SELECT * FROM incident
WHERE taxid IN
(SELECT taxid
FROM flat_revenue
WHERE revenue > 2500)
SELECT * FROM incident
WHERE taxid = ANY
(SELECT taxid
FROM flat_revenue
WHERE revenue > 2500)
As in other databases, ANY
can be used with other operators as well.
E.g, taxid > ANY
…, taxid < ANY
…, etc.
Example 2
Obtain the rows of internet_inc
whose id matches the id of a row of
phone_inc
.
SELECT *
FROM internet_inc AS a
WHERE EXISTS
(SELECT b.PINC_ID
FROM PHONE_INC AS b
WHERE a.iinc_id = b.pinc_id)
In “Example 2” we are using the alias of the main query
(internet_inc AS a
) in the WHERE
clause of the subquery.
At runtime, the queries that contain subqueries are converted into semijoins. A semijoin is a relational operation that returns all the rows of the left-side query that have a matching row in the right-side query. As with regular joins, the Server selects a semijoin method depending on the query.
The available methods for executing semijoins of subqueries are the following:
Merge semijoin: processes rows that are already sorted by the join attributes. Whenever possible, Virtual DataPort selects this algorithm because is almost always the most efficient and with the lowest memory footprint.
This method can only be selected when both sides of the join are sorted by the join attributes. If the data from both sides is obtained from JDBC or ODBC data sources, Virtual DataPort will retrieve the data sorted by the fields of the join attributes. To do this, it adds the clause ORDER BY to the query sent to the database.
Hash semijoin: the subquery is executed and its results are stored in a hash table. Then, the Server begins processing the results of the main query and looks for matches in the hash table. After merge semijoin, this is the most efficient algorithm, although not always can be used.
Nested semijoin: the subquery is executed once for each row of the main query’s results.

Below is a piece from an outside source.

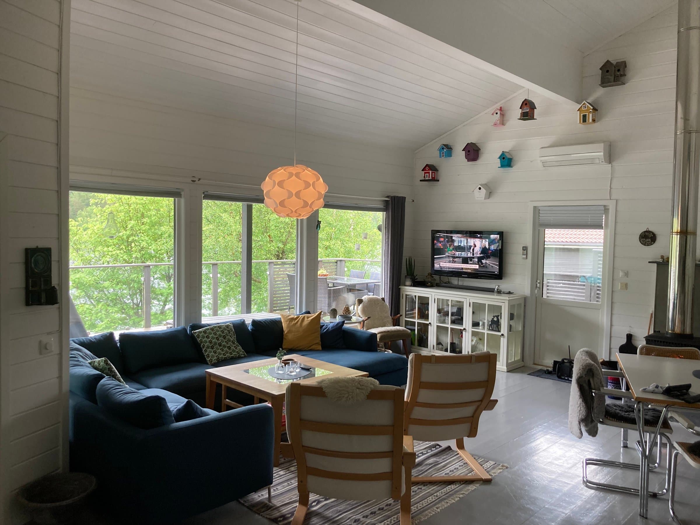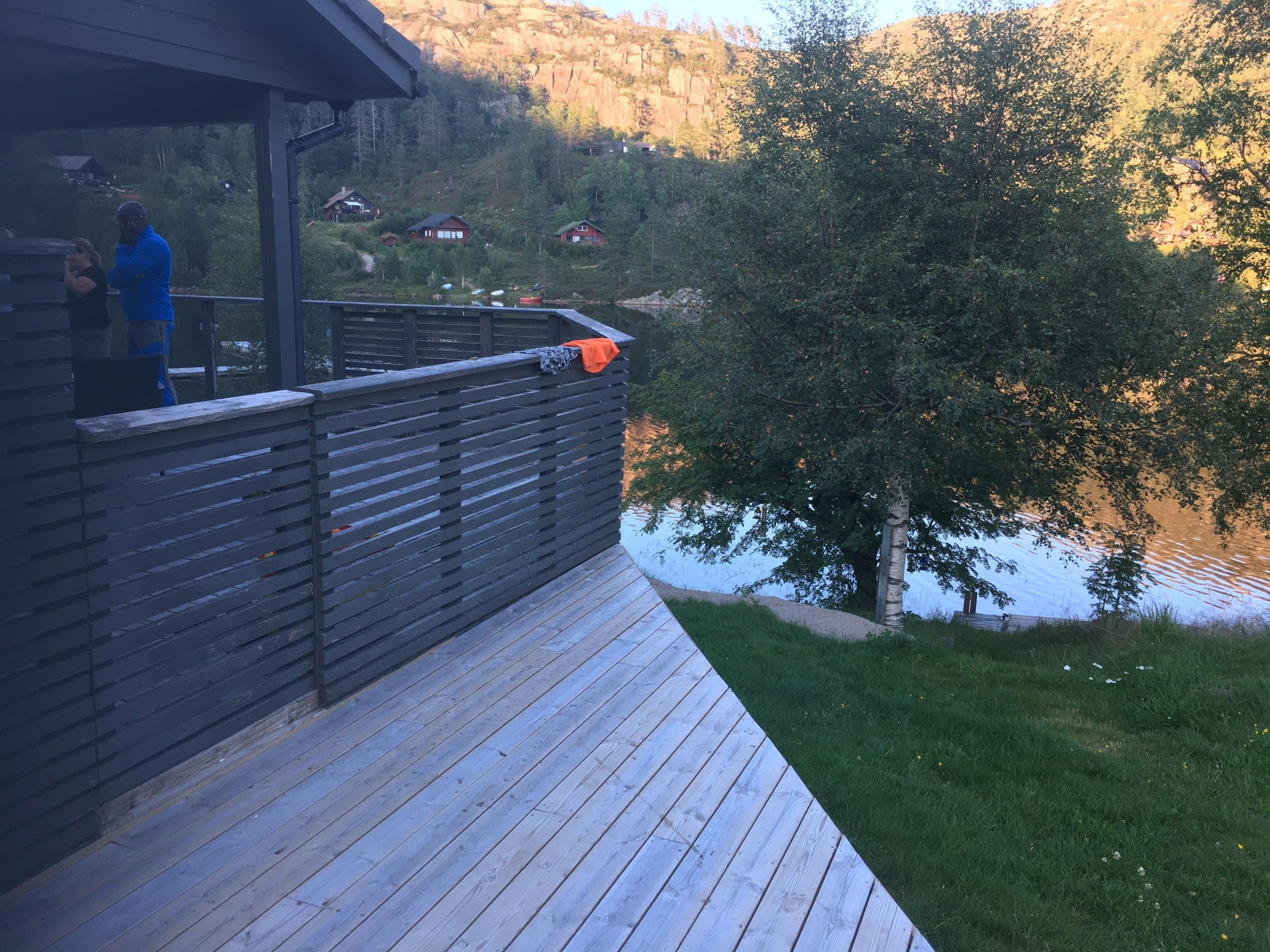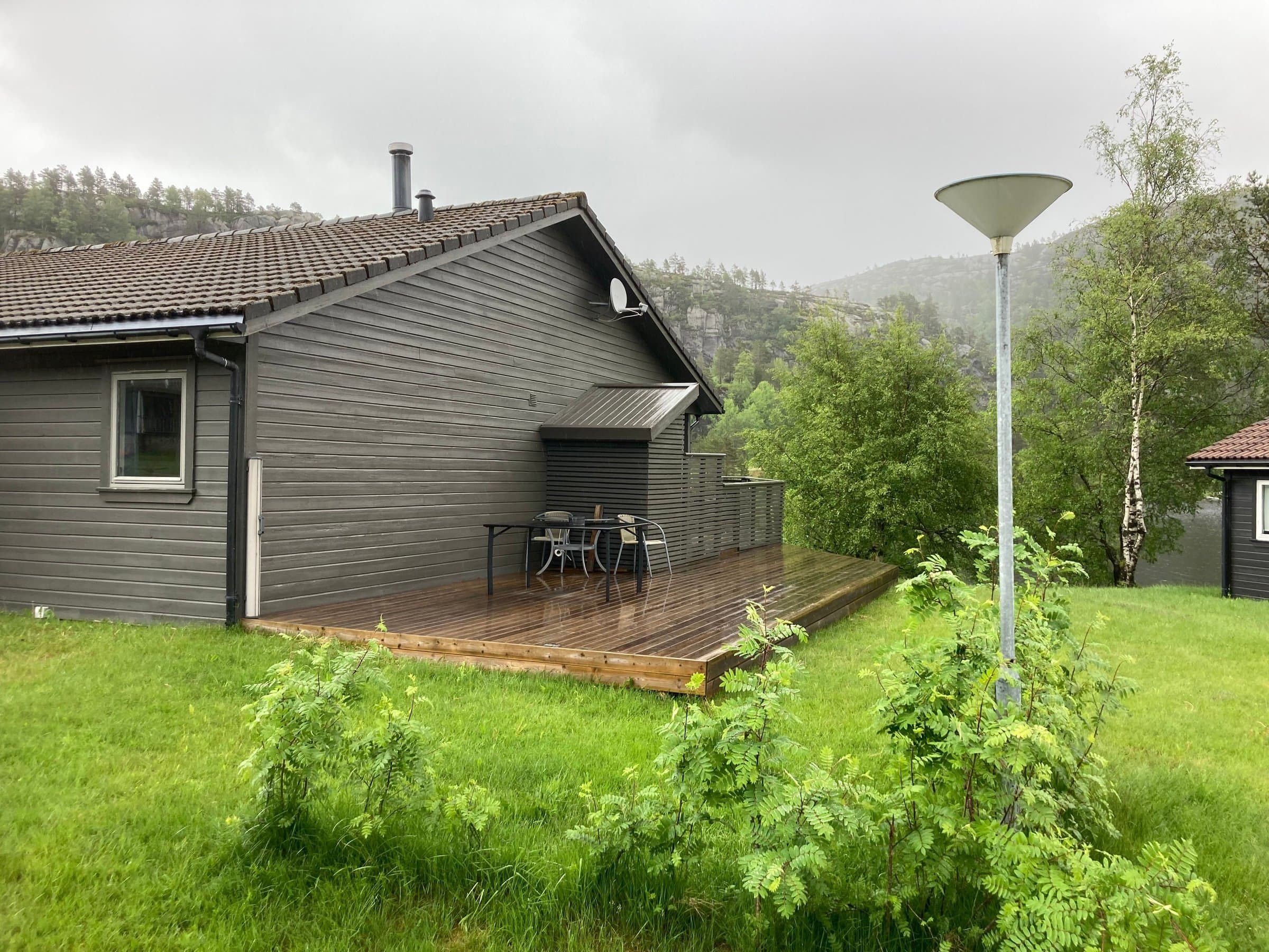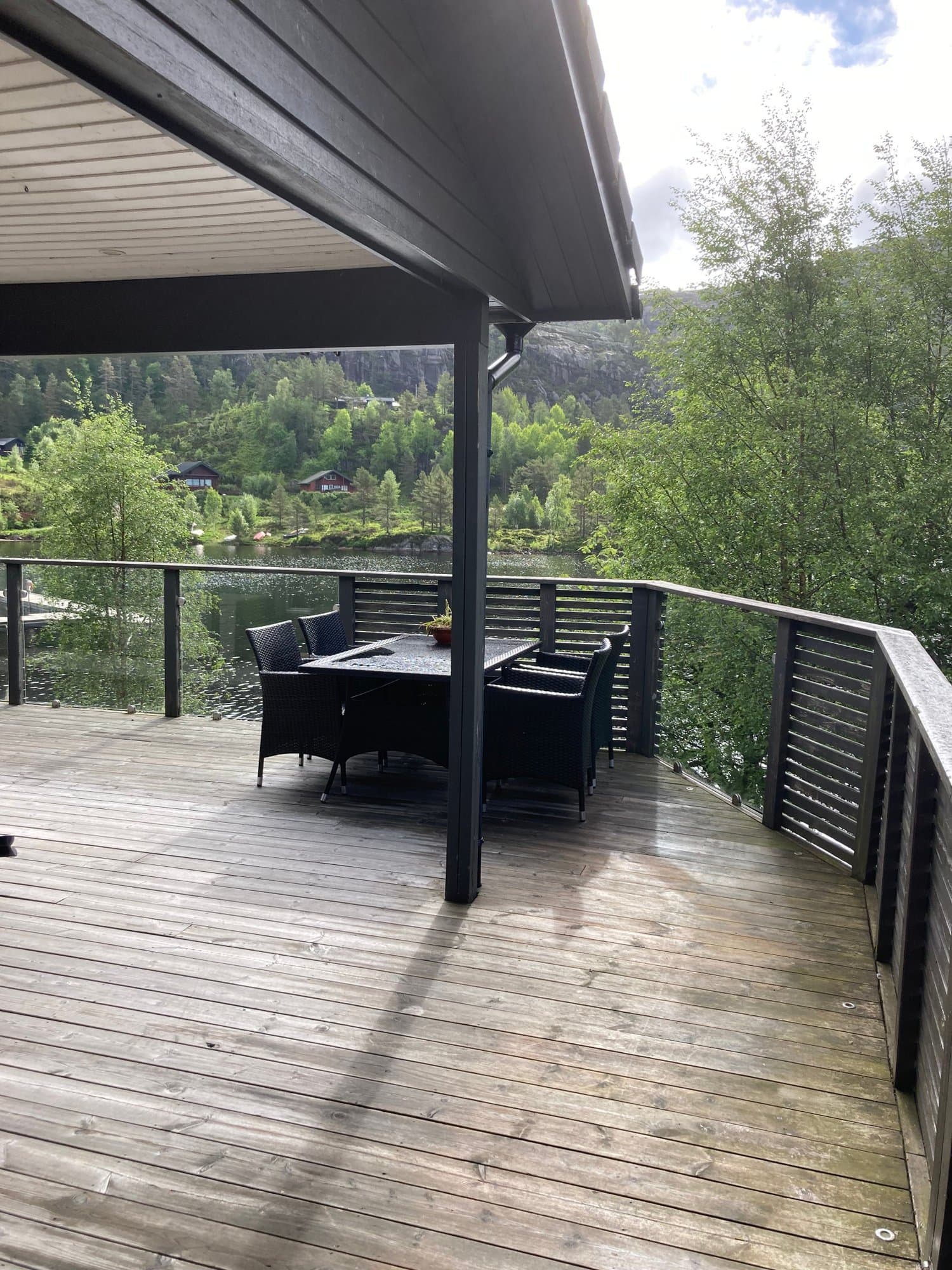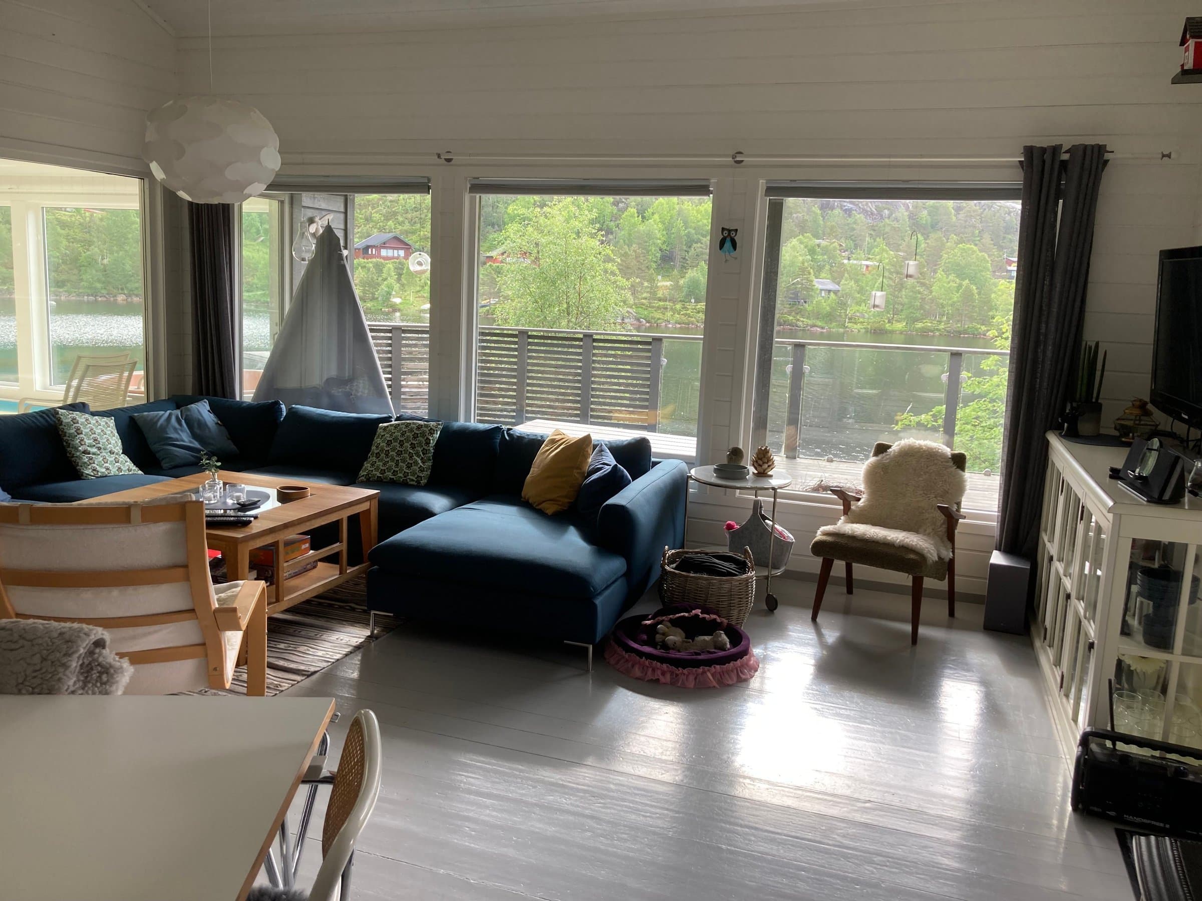 Det er terrasse rundt på to sider av hytten. Dermed har man sol fra morgen til kveld. Gressplen rundt hele hytten. Sandbunn fra tomten og ut i vannet. Meget gode fiskemuligheter...mye fisk i Krågelandsvannet

Virtual DataPort does not use statistics to choose the execution method of the semijoins.
As with regular joins, the query can override the algorithm selected by
the Server to execute the subquery’s semijoin. To do this, add the
SUBQUERYPLAN
modifier to the CONTEXT
clause of the subquery you
want to modify its query plan. The Syntax of the CONTEXT clause
contains the syntax of this modifier.
Note that the SUBQUERYPLAN
modifier has to be indicated in the
CONTEXT
of the subquery you want to modify and not in the
CONTEXT
of the main query.
For example,
SELECT * FROM incidents
WHERE taxid IN
(SELECT taxid
FROM flat_revenue
WHERE revenue > 2500 CONTEXT (SUBQUERYPLAN = NESTED ORDERED))
In this example, the query forces the Server to use the algorithm nested semijoin.